Perelman School of Medicine at the University of Pennsylvania.
Plast Reconstr Surg. 2024 Jun 1;153(6):1359-1366. doi: 10.1097/PRS.0000000000010785. Epub 2023 May 31.
Children born with hemifacial microsomia (HFM) can experience airway compromise. There is a paucity of data correlating degree of HFM severity with airway difficulty. This study aims to determine the relationship between the degree of micrognathia and airway insufficiency in the HFM population.
Patient demographics, airway function, Kaban-Pruzansky (KP) grade, and Cormack-Lehane (CL) grade were collected and compared with appropriate statistics for HFM patients treated between 2000 and 2022.
Seventy patients underwent 365 operations with KP grading as follows: 34% KP grade I, 23% KP grade IIA, 11% KP grade IIB, and 33% KP grade III. Goldenhar syndrome was present in 40% of patients and 16% had bilateral disease. KP grade ( P < 0.001) predicted mean number of airway-affecting procedures undergone and difficult airway status ( P < 0.001), with 75% of difficult airways in KP grade III patients. There was no association of airway compromise with Goldenhar syndrome, laterality, or age ( P > 0.05). Most CL grades were I (61%) or IIA (13%), with fewer grade IIB, grade III, and grade IV (4% to 7%).

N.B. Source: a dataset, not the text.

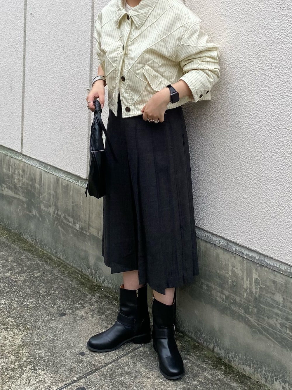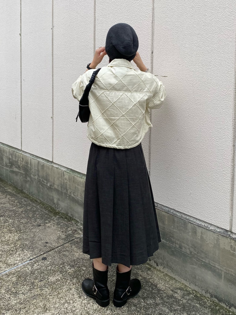 ミドル丈のスカートは160センチで膝もしっかり隠れる長さだったので、脚出し苦手な方でも挑戦していただきやすい丈感になってます✨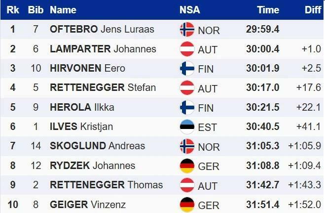 Срібним призером став австрієць Йоханнес Лампартер, третій – Еро Хірвонен з Фінляндії.

KP grade predicted CL grade ( P < 0.001), with 71% of grade IV views and 64% of grade III views seen in KP grade III patients.
KP grade correlated with airway severity in HFM. Patients do not appear to outgrow their CL grade, as previously hypothesized, suggesting that KP grade III patients remain at increased risk for airway insufficiency into the teen years. Given the potential significant morbidity associated with airway compromise, proper identification and preparation for a challenging airway is a critical part of caring for patients with HFM.

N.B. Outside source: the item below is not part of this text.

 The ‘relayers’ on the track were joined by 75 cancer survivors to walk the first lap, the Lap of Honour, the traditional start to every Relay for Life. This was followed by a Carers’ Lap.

CLINICAL QUESTION/LEVEL OF EVIDENCE: Risk, III.
患有先天性半侧颜面短小症(HFM)的儿童可能会出现气道阻塞。目前有关 HFM 严重程度与气道困难之间相关性的数据较少。本研究旨在确定 HFM 人群中下颌骨畸形程度与气道不足之间的关系。
收集患者的人口统计学资料、气道功能、Kaban-Pruzansky(KP)分级和 Cormack-Lehane(CL)分级,并与 2000 年至 2022 年间接受治疗的 HFM 患者的适当统计学数据进行比较。

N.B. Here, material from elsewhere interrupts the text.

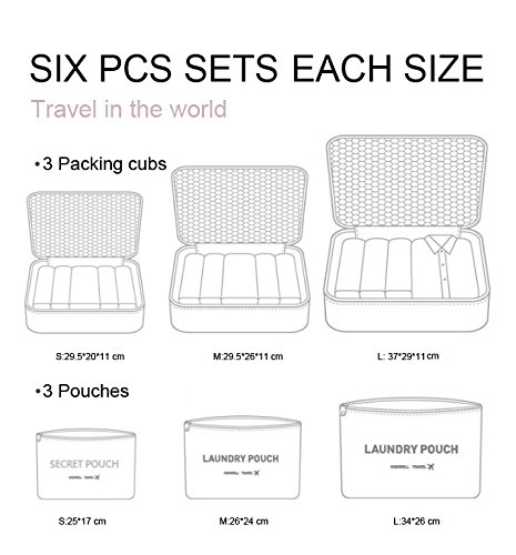 -. Brand : Wastar -. ClothingSize : One Size -. Color : As same pirture -. Department : womens -. Feature : 3pcs Packing Cubes + 3pcs Laundry Pouches: Separate clean and dirty Clothes, protect your clothes from wrinkle, dust and damage / Packing Cubes with Mesh design - Keep inside visible and you can seek your stuff easily; Sturdy handle - Convenient for carrying / Waterproof and Durable Material: Constructed of high-quality thicker coating fabric, high performance for waterproof and tear resistant / Various Lovely and Elegant Pattern, best choice for your relaxed and cheerful travel / Size: 3 Mesh Organizer Bags: Large (14.57'' x 11.42'' x 4.33'') & Medium(11.61'' x 10.24'' x 4.33'') & Small(11.61'' x 7.87'' x 4.33''); 3 Zipper Pouch: Large(13.39'' x 10.24'') & Medium(10.24'' x 9.45'') & small(9.84'' x 5.56.69'')(Please pay attention to each bag actual size Reference Picture) -. Label : Wastar -. Manufacturer : Wastar -. Model : 1987 -. PackageQuantity : 1 -. ProductGroup : Apparel -. ProductTypeName : LAGE -. Publisher : Wastar -. Size : One Size -. Studio : Wastar -. Title : Wastar® 6pcs Packing Cubes Set Travel Lage Organizer - 3 Travel Cubes + 3 Pouches

70 例患者接受了 365 次手术,KP 分级如下:34%为 KP Ⅰ级,23%为 KP ⅡA 级,11%为 KP ⅡB 级,33%为 KP Ⅲ级。40%的患者为 Goldenhar 综合征,16%为双侧疾病。KP 分级(P<0.001)预测了气道受累手术的平均次数和困难气道状态(P<0.001),KP Ⅲ级患者中有 75%存在困难气道。气道阻塞与 Goldenhar 综合征、侧别或年龄无相关性(P>0.05)。大多数 CL 分级为Ⅰ级(61%)或ⅡA 级(13%),ⅡB、Ⅲ级和Ⅳ级(4%~7%)较少见。KP 分级与 CL 分级相关(P<0.001),KP Ⅲ级患者中 71%为Ⅳ级视图,64%为Ⅲ级视图。
KP 分级与 HFM 中的气道严重程度相关。与之前的假设不同,患者似乎不会“长大”而摆脱 CL 分级,这表明 KP Ⅲ级患者在青少年时期仍有发生气道不足的风险增加。鉴于气道阻塞相关的潜在显著发病率,正确识别和准备困难气道是治疗 HFM 患者的重要组成部分。
临床问题/证据水平:风险,III 级。